When Indochina was under French rule, the colonial government governed the Indochinese monetary system through Banque de l'Indochine, which also acted as a commercial bank in French Indochina.

After the August Revolution in 1945, the government of the Democratic Republic of Vietnam gradually attempted to exercise a monetary system independent from France. On 6 May 1951, president Hồ Chí Minh signed decree 15/SL on establishment of Vietnam National Bank (Ngân hàng Quốc gia Việt Nam).
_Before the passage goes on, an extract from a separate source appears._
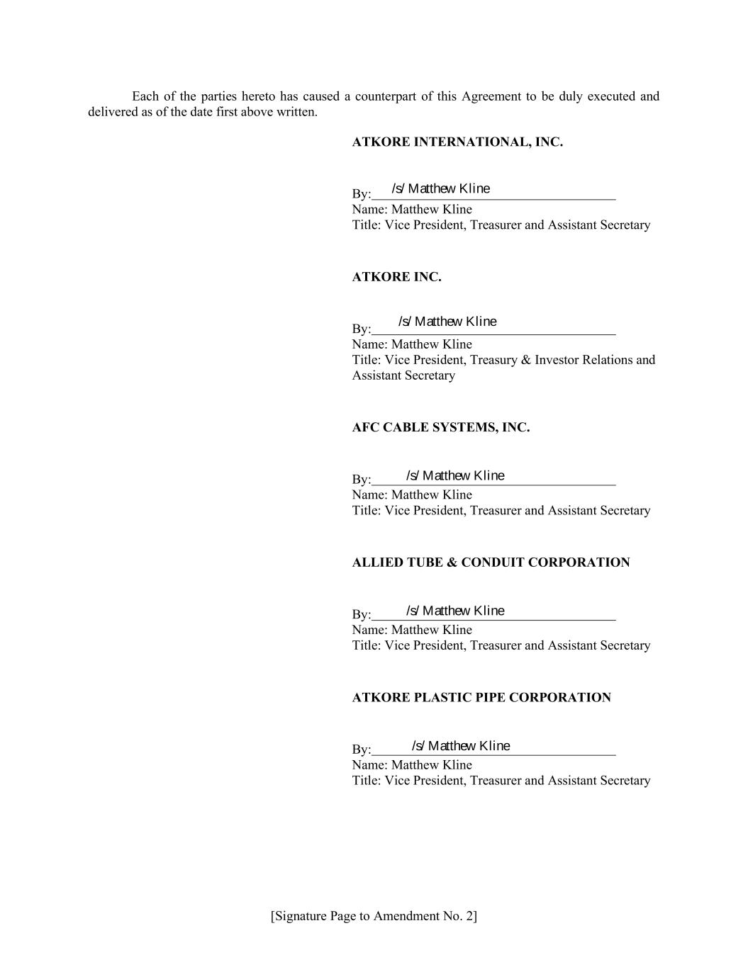 [Signature Page to Amendment No. 2] Each of the parties hereto has caused a counterpart of this Agreement to be duly executed and delivered as of the date first above written. ATKORE INTERNATIONAL, INC. By: Name: Matthew Kline Title: Vice President, Treasurer and Assistant Secretary ATKORE INC. By: Name: Matthew Kline Title: Vice President, Treasury & Investor Relations and Assistant Secretary AFC CABLE SYSTEMS, INC. By: Name: Matthew Kline Title: Vice President, Treasurer and Assistant Secretary ALLIED TUBE & CONDUIT CORPORATION By: Name: Matthew Kline Title: Vice President, Treasurer and Assistant Secretary ATKORE PLASTIC PIPE CORPORATION By: Name: Matthew Kline Title: Vice President, Treasurer and Assistant Secretary /s/ Matthew Kline /s/ Matthew Kline /s/ Matthew Kline /s/ Matthew Kline /s/ Matthew Kline

On 21 January 1960, the governor of the bank signed an ordinance on behalf of the prime minister to rename the bank State Bank of Vietnam (Ngân hàng Nhà nước Việt Nam).

After the fall of Saigon, the two Vietnams were united but not until July 1976 did the two countries’ administrations and institutions unite. In July 1976, the National Bank of Vietnam (the central bank of Republic of Vietnam) was merged into the State Bank of Vietnam.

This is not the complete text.